- [Data for the task]:

=== Section Start ===

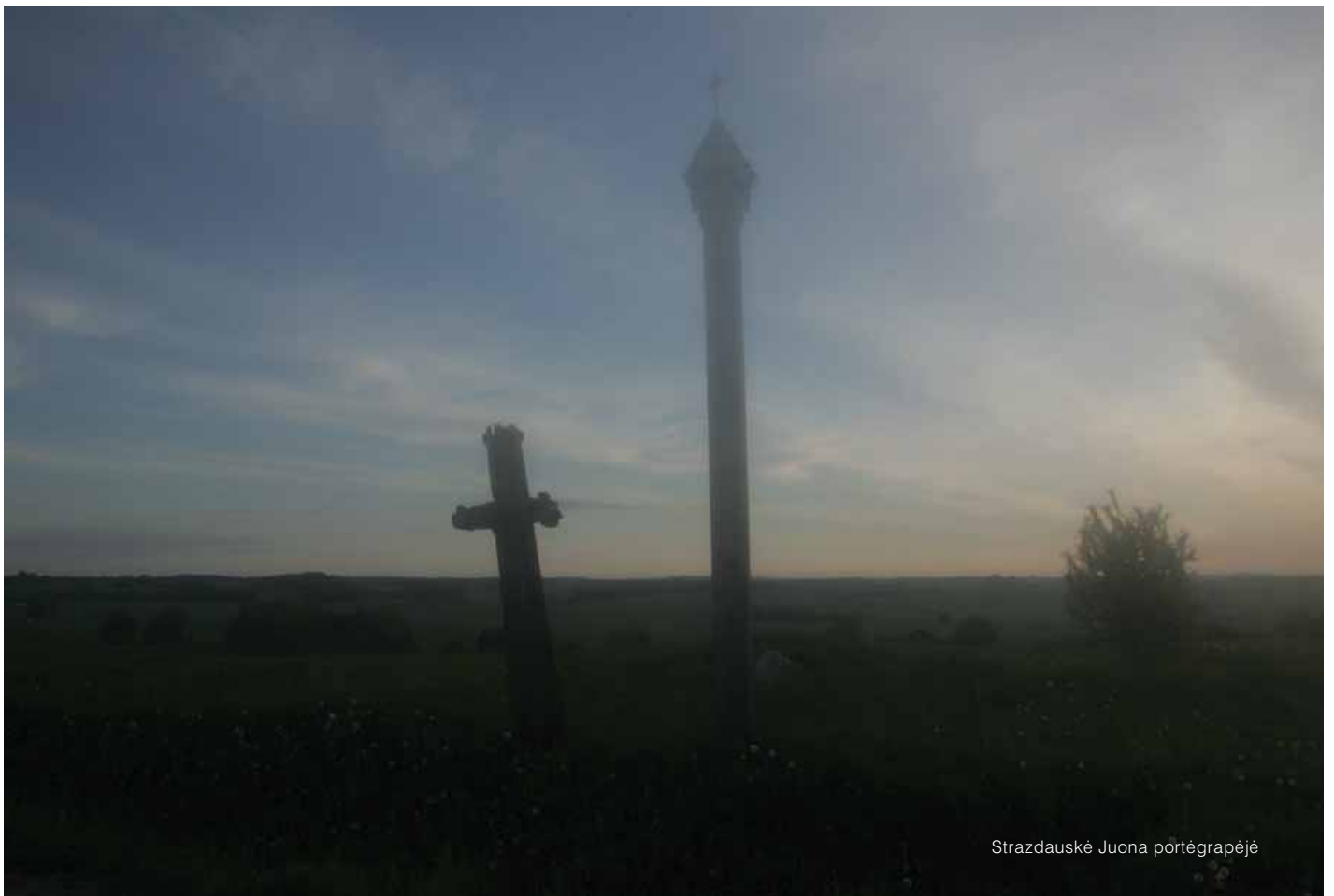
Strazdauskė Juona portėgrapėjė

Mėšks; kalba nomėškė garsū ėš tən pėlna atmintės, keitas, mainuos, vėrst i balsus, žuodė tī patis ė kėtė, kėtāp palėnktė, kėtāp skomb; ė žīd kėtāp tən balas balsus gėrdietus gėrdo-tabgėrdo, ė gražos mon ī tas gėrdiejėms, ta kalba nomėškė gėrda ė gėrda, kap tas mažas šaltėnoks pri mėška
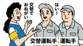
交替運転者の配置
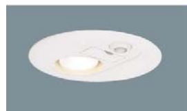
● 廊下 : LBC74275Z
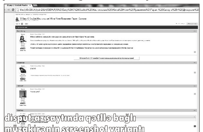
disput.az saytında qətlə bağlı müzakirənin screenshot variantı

=== Section End ===
=== Section Start ===

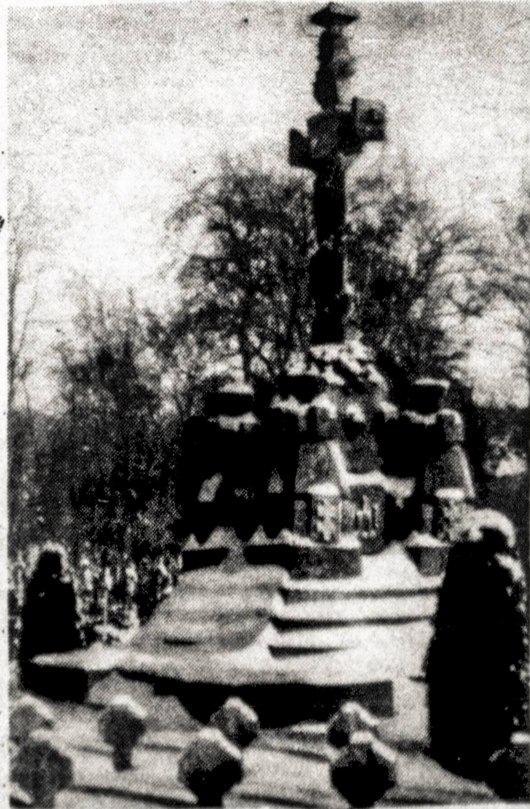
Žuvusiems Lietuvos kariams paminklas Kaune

=== Section End ===

- [Problem details]:
Above are the records; please give again, exactly and in full, only the lines that run from the line with "Strazdauskė Juona portėgrapėjė" through the line with "disput.az saytında qətlə", with no pictures.

- [Exercise result]:
Strazdauskė Juona portėgrapėjė

Mėšks; kalba nomėškė garsū ėš tən pėlna atmintės, keitas, mainuos, vėrst i balsus, žuodė tī patis ė kėtė, kėtāp palėnktė, kėtāp skomb; ė žīd kėtāp tən balas balsus gėrdietus gėrdo-tabgėrdo, ė gražos mon ī tas gėrdiejėms, ta kalba nomėškė gėrda ė gėrda, kap tas mažas šaltėnoks pri mėška
交替運転者の配置
● 廊下 : LBC74275Z
disput.az saytında qətlə bağlı müzakirənin screenshot variantı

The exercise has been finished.